So in the end I had three ACT configurations:
| config | chunk / n_action_steps | batch | lr | steps |
|---|---|---|---|---|
act_v1 |
48 / 30 | 16 | 3e-5 | 10 000 |
act_v2 |
50 / 50 | 16 | 3e-5 | 20 000 |
act_v3 |
50 / 50 | 64 | 5e-5 | 20 000 |
For diffusion policy I used the configuration from the original paper's "Real Pour / Spread / Mug Flip" tasks (DDIM with 16 inference steps, horizon=16, n_action_steps=8) for 20 000 steps. More on diffusion in its own section below.
[IMAGE PLACEHOLDER: media/wandb_train_loss_act.svg (top), media/wandb_train_loss_dp.svg (bottom). Caption: "Training L1 loss for ACT (top); training loss for Diffusion Policy (bottom)."]
The evaluation problem (round 1)
Once the three ACT configurations had trained overnight, I needed to actually compare them. I copied the score scheme from the Ïâ paper: a task-progress score, 0.0 (failure) up to 1.0 (block stacked), in 0.2 increments per stage.
Now I had to design the evaluation. Two choices that mattered, both of which I got partly wrong on the first pass:
- Sample size. I started with 10 episodes per checkpoint, half at narrow cube positions, half at wide. I figured 10 was "enough to see if something obvious was happening". It wasn't. With per-episode noise that big, most cross-policy differences could plausibly be just sampling luck.

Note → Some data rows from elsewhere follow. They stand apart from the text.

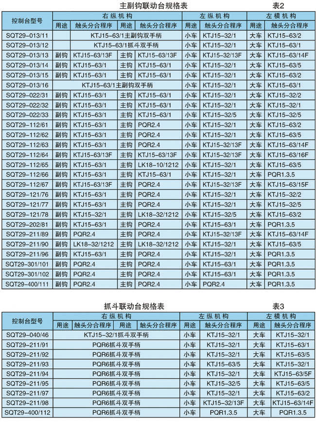 吊鉤(主鉤)聯動臺規(guī)格表 表1
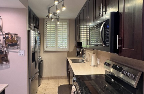 Enjoy the updated, full size kitchen. It is complete with all appliances, including a microwave, dishwasher, full size washer and dryer, all cookware and all the utensils needed to cook a wonderful meal. It is only a ten-minute drive to a large grocery store in nearby Kihei or Wailuku. If you want to dine out, there are several excellent restaurants with both ocean and harbor views that are located within a few minutes walk, just down the street.
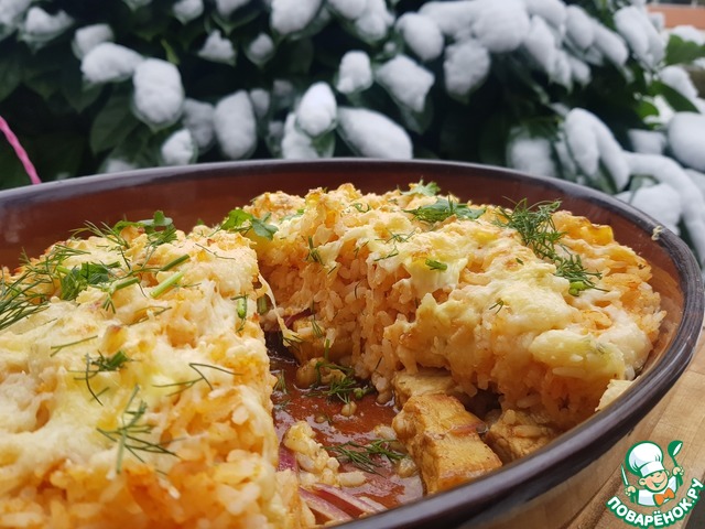 Готовое мясо выкладываем по порциям в горшочки (или в одну любую глубокую форму), смазываем майонезом, на мясо выкладываем рис, посыпаем приправой для риса, смазываем майонезом, натираем сыр на терке и посыпаем наш рис.
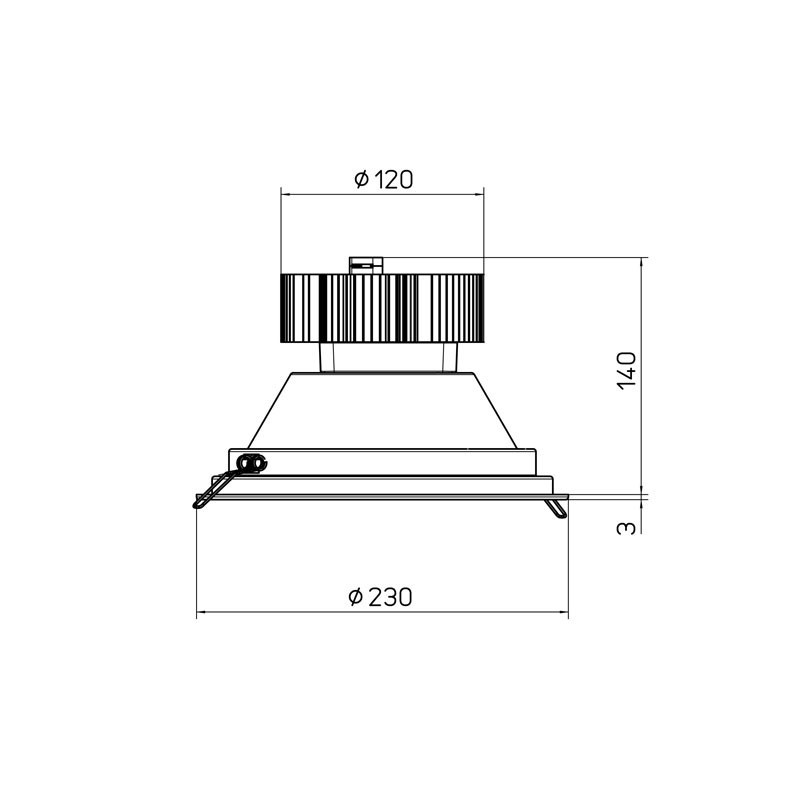With a diameter of 230 mm and recessed installation, this spotlight fits easily into a variety of environments. The minimalist design ensures harmonious integration into any space.
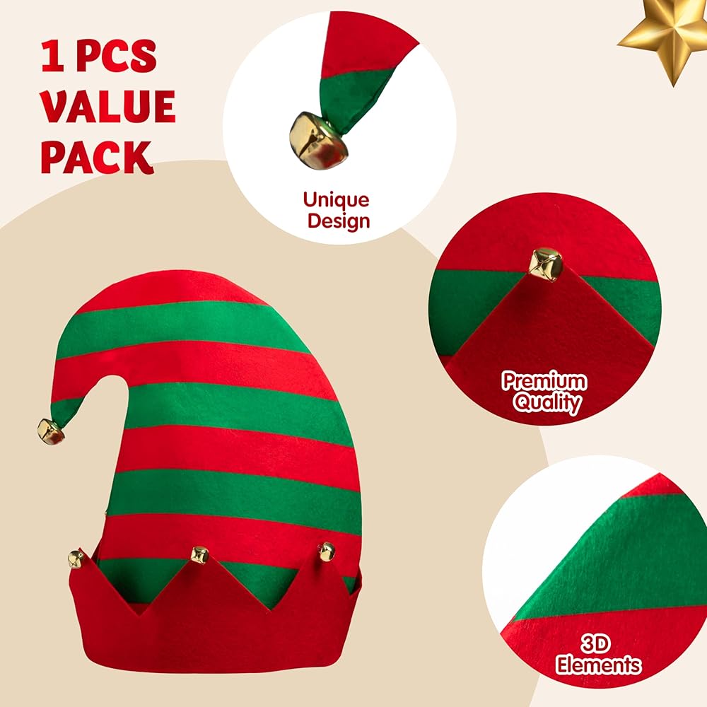 ديكور وهدية مثالية. لن يكون مطابقة ملابس العطلة الخاصة بك مرهقًا أبدًا مع قبعة عيد الميلاد الرائعة هذه. من الممتع ارتداؤه لأي شخص من أي جنس، ويمكن أن يكون بمثابة ديكور منزلي أيضًا! أظهر الجانب المضحك منك مع قبعات العفريت هذه، استمتع بهذه العطلة بحرية وسعادة مع عائلتك.
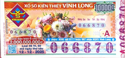 Mẫu vé số Miền Nam Ngày 12/12/2025
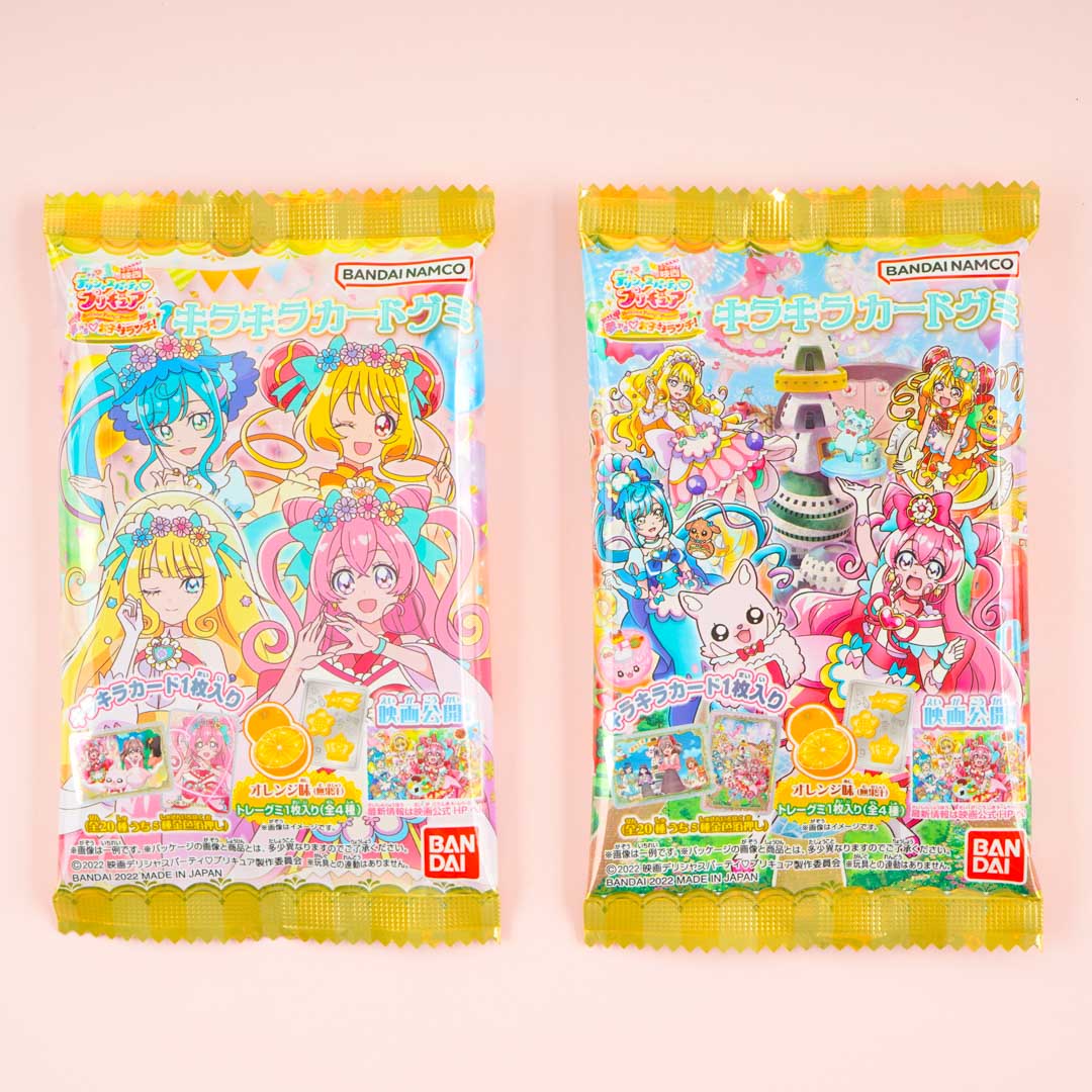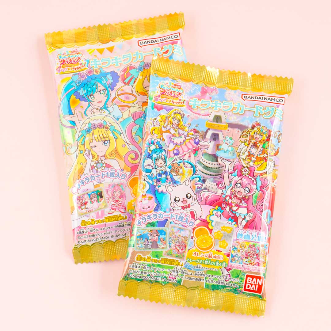 Snack on this yummy pack of orange-flavored gummy candy illustrated with Pretty Cure characters! It comes with a collectible card.

- Reproducibility of cube positions. I took photos of the cube starting positions and reused them across sessions so the test set was actually fixed. Tedious, but at least it ruled out "the cubes happened to be in a hard spot" as a confound.
The result of round 1 was: I had a 10-point checkpoint sweep on act_v2 trained on narrow (steps 2k to 20k, n=10 each) plus a few single-checkpoint cells across the other (dataset, config) combinations. Qualitatively, early checkpoints moved more roughly than later ones, and later checkpoints tended to stall on harder cube positions, a classic late-training overfit signature on a narrow dataset. But with only 10 episodes per cell, the numbers had so much noise that the trends were hard to defend in a paper-style write-up. I had to do it again.
Tighter evaluations (round 2)
For round 2 I bumped to 50 episodes per setting (25 narrow positions, 25 wide positions). I picked two things to compare with this tighter budget:
Experiment 1: how much does training-step depth matter? Specifically act_v3 trained on combined, at step 10 000 vs step 20 000.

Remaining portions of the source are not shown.